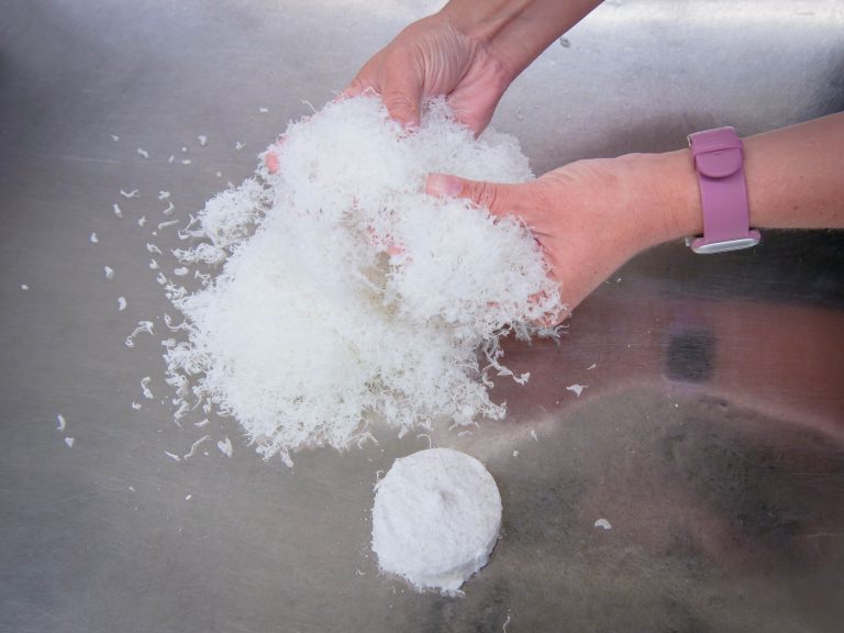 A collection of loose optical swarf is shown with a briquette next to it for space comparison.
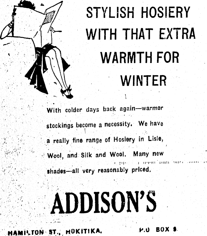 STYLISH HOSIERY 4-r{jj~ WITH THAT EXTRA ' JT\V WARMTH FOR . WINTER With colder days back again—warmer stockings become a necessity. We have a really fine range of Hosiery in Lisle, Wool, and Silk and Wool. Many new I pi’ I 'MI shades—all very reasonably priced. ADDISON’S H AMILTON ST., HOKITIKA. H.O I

...

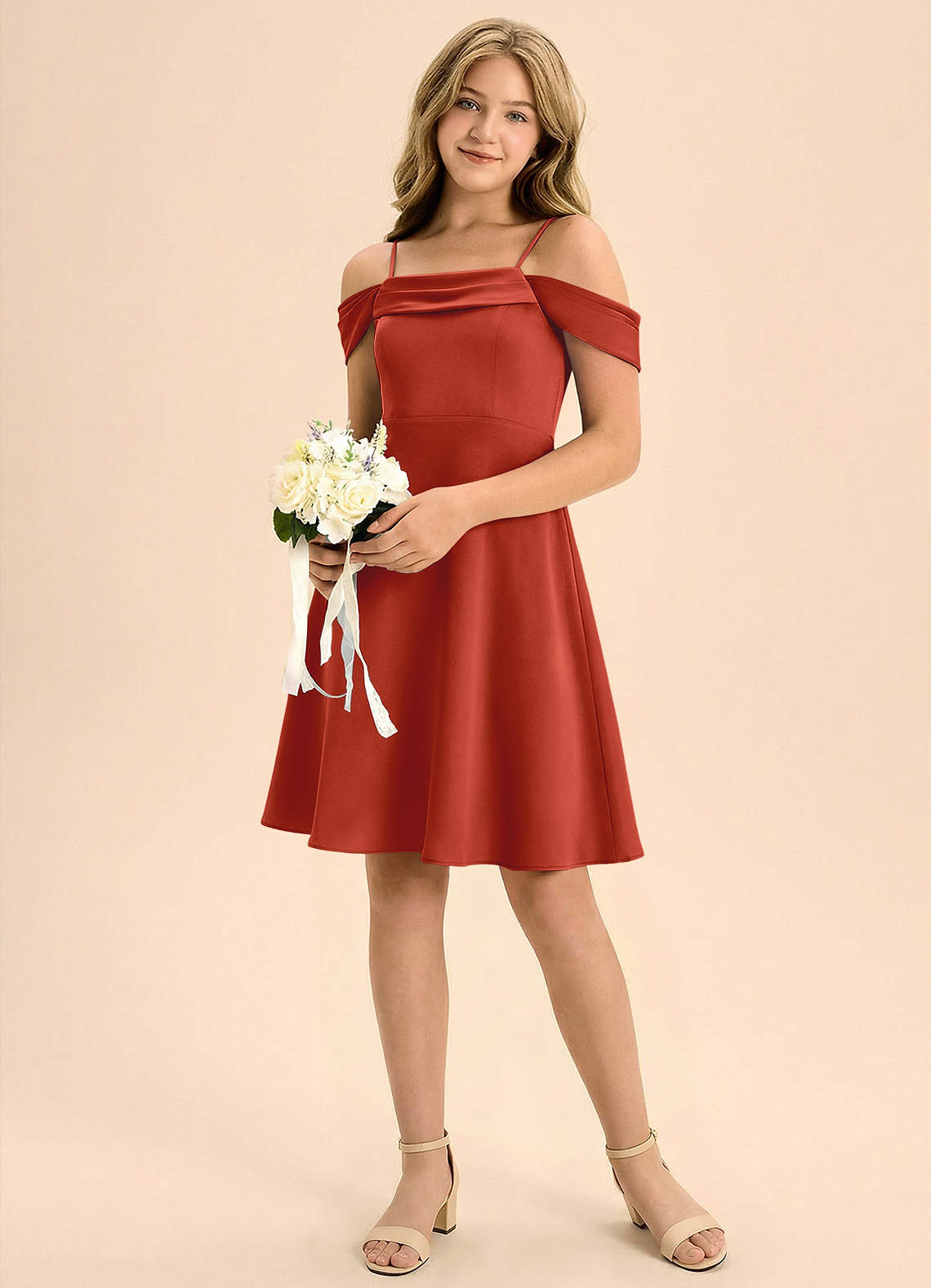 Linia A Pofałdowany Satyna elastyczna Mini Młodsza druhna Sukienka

### What is expected
From the records above, copy exactly the stretch from the line holding "A collection of" through the line holding "HOKITIKA. H.O I", both ends included, without the pictures.

### Response to the task
 A collection of loose optical swarf is shown with a briquette next to it for space comparison.
 STYLISH HOSIERY 4-r{jj~ WITH THAT EXTRA ' JT\V WARMTH FOR . WINTER With colder days back again—warmer stockings become a necessity. We have a really fine range of Hosiery in Lisle, Wool, and Silk and Wool. Many new I pi’ I 'MI shades—all very reasonably priced. ADDISON’S H AMILTON ST., HOKITIKA. H.O I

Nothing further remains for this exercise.